Сконфузившийся дьяк пытается отговориться неведеньем, но Пожарский, усмехнувшись, говорит как рубит:

– А не было его в ополчении и вовсе!

– Эва как! Ладно, то дело прошлое, однако запомни, Дмитрий Тимофеевич: коли Телятевский, когда на Смоленск пойдем, в нетях скажется – останется без поместий, а если из войска сбежит, то и без головы. Попомни, мое слово твердое.

После смотра мы верхом мчимся в кремль, распугивая прохожих. Возок не спеша трясется за нами. Я в него садиться отказался наотрез, сказавшись, что помру от голода, если буду ехать в нем.

Поесть русскому царю – не такая простая задача. В основном потому, что одному садиться за стол совершенно невместно. Сесть со своими ближниками, как раньше, тоже нельзя, будет смертельная обида боярству. Боярская дума теперь для меня больше, чем семья. С ними я ем, хожу в баню, молюсь. Слава богу, хоть сплю один, хотя думцы, как правило, спят неподалеку, особенно днем. Дневной сон вообще статья особая. Пропустить его никак нельзя, на этом Лжедмитрий I и погорел. Впрочем, он, очевидно, манкировал многочисленными молебнами, в которых должен участвовать православный государь, и потому, стервец этакий, не уставал. Я же часто и густо к послеобеденному времени просто валюсь с ног. Подремать, впрочем, не всегда удается, поскольку времени катастрофически не хватает, и я, запершись в царской опочивальне, читаю отчеты, присланные из приказов, делая для себя пометки. Лучше всех из моих приближенных к этим обстоятельствам приспособился Вельяминов. Он стал моим кравчим и во время обеда следит, чтобы стольники своевременно подавали блюда, и лично обносит всех напитками. Он же подсказывает мне, кого из бояр и каким блюдом следует угостить, чтобы показать благоволение или, напротив, проигнорировать раздачей, дабы намекнуть на неудовольствие. Для меня это темный лес, и без Аникиты я тут как без рук, так что бывший шведский полоняник метит прямиком в ближние бояре.

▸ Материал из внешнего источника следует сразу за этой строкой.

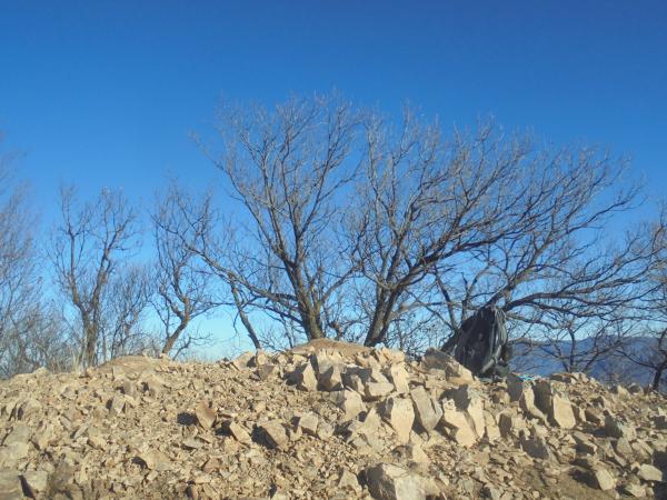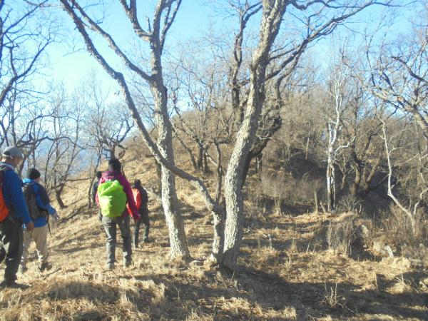 坐在金华山顶的蚂蚁窝上,稍稍补充能量后,集合7人继续向蔡树庵方向赶路,自山顶至其西北侧垭口,起初下降一段,有两个左转点位相当不明显,很容易错过,建议走友在本段路上加强参考轨迹的核对,以防一直沿山脊走岔太多。两个关键点位以后,小路路况转好,平缓宽阔,走起来很是舒服,或为曾经的越岭村道遗迹所在。横切至金华山西北垭口,此处为金华山一带又一相当重要的四岔结点,东南侧小路上金华山,东北侧小路下沟去往乱佛寺、柏林城,北侧走山脊可一直钻林子爬崖通往断口岭一带,此行则选择在此左转向西南,准备沿支脊前往蔡树庵长城方向。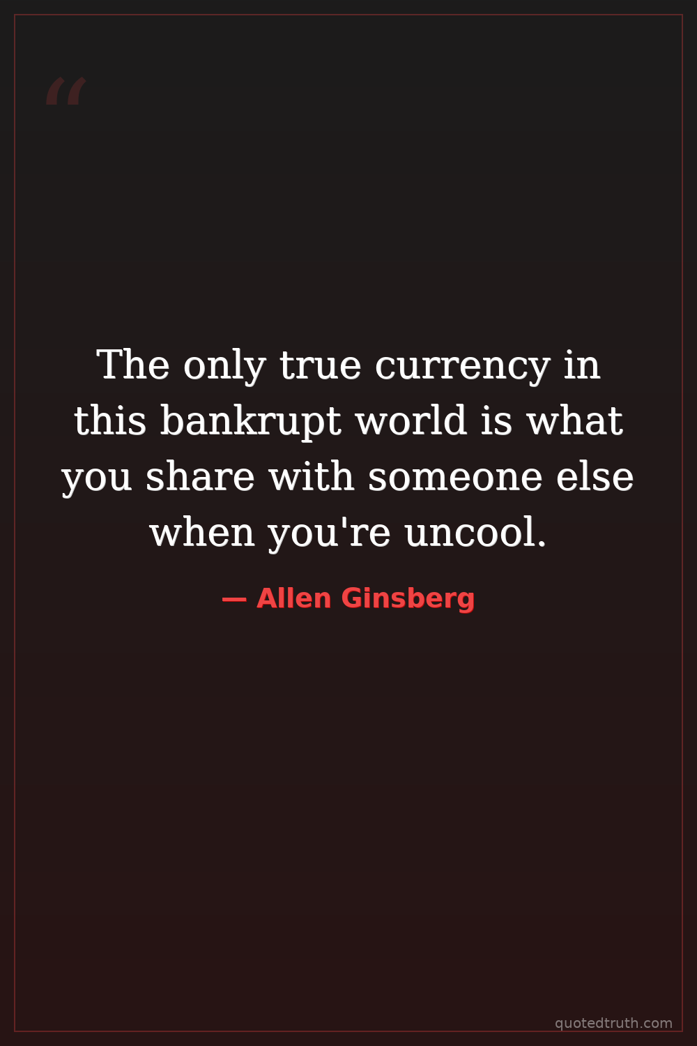 The only true currency in this bankrupt world is what you share with someone else when you're uncool.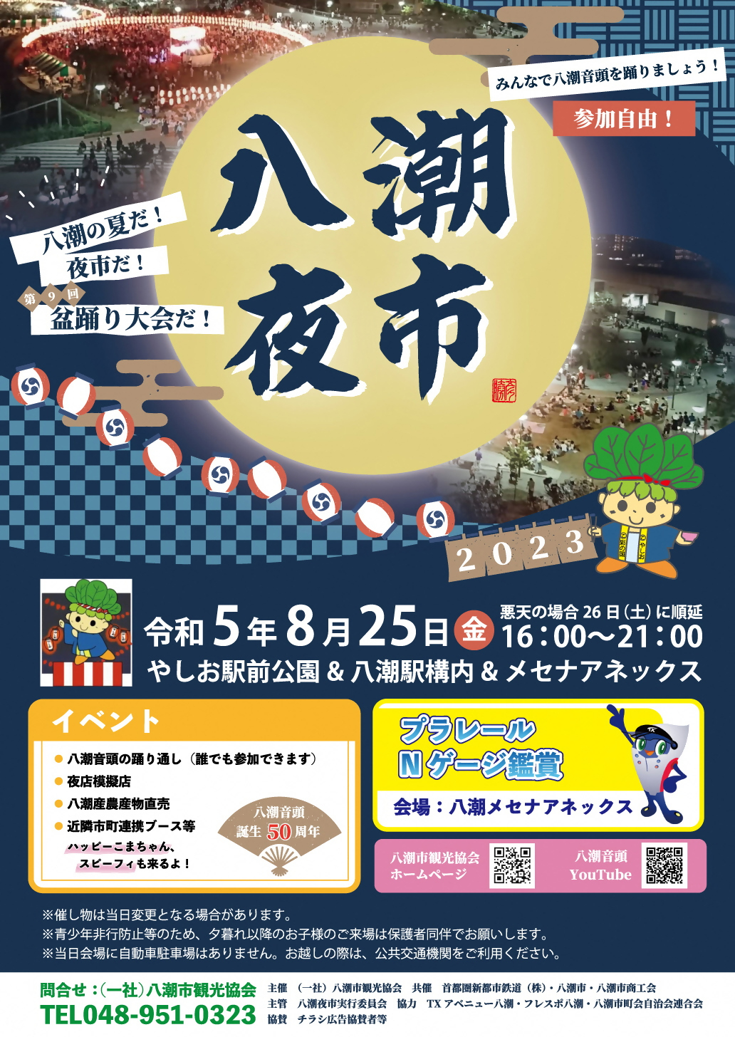 - ・内 容:盆踊り大会、模擬店、縁日コーナー、八潮産農産物直売、プラレール・Nゲージ鑑賞など

Утолив голод, я, натянув на лицо благожелательную улыбку, наблюдаю за жрущими в три горла боярами и тихонько беседую со своим кравчим, потягивая из кубка напиток. Все уверены, что у меня там дорогое фряжское вино, каким я потчую своих бояр, но на самом деле там клюквенный морс. Припомнив, что многие из членов царской семьи страдали от цинги, я велел давать мне этот напиток. Сахар в России еще не изготавливают, так что вкус у моего напитка ужасно кислый. Но я понемногу отхлебываю из кубка, тренируясь держать улыбку, когда улыбаться не хочется совершенно.

– Государь, а что ты давеча о моем полку говорил? – вполголоса спрашивает Вельяминов, видя, что я сыт.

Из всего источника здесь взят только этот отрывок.